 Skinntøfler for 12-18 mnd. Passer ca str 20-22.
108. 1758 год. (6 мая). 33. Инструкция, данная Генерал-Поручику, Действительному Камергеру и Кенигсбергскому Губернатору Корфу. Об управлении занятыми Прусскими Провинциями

┄┄┄┄┄┄

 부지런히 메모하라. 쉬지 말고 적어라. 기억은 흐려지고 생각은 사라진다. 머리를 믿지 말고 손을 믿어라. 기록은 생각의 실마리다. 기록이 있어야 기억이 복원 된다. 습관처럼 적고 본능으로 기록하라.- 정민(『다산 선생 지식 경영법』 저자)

┄┄┄┄┄┄

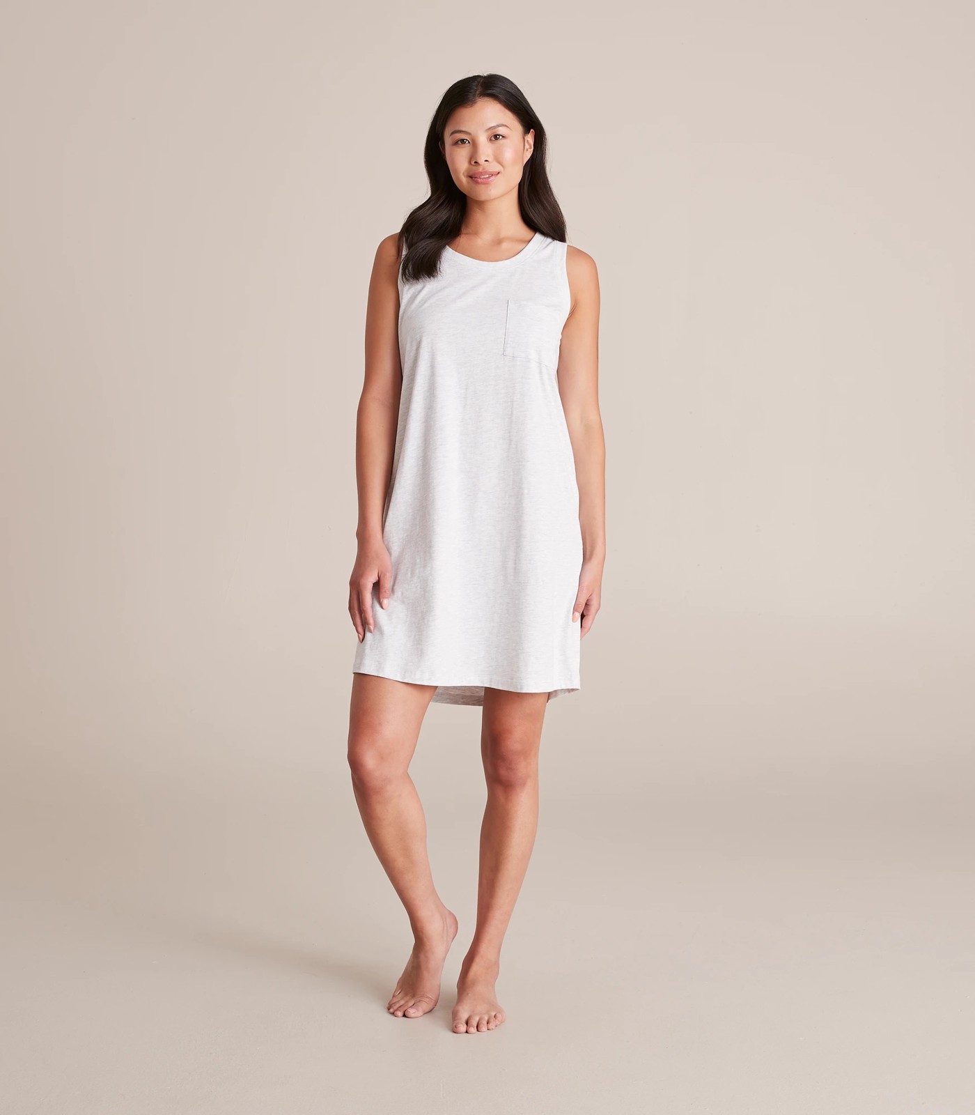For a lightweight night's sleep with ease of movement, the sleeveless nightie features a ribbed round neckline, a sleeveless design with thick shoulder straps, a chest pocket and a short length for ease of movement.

┄┄┄┄┄┄

# TASK STATEMENT:
Print the lines above from the one with "Skinntøfler for 12-18" through the one with "108. 1758 год.", both included, exactly as written and nothing more.

# REPLY:
 Skinntøfler for 12-18 mnd. Passer ca str 20-22.
108. 1758 год. (6 мая). 33. Инструкция, данная Генерал-Поручику, Действительному Камергеру и Кенигсбергскому Губернатору Корфу. Об управлении занятыми Прусскими Провинциями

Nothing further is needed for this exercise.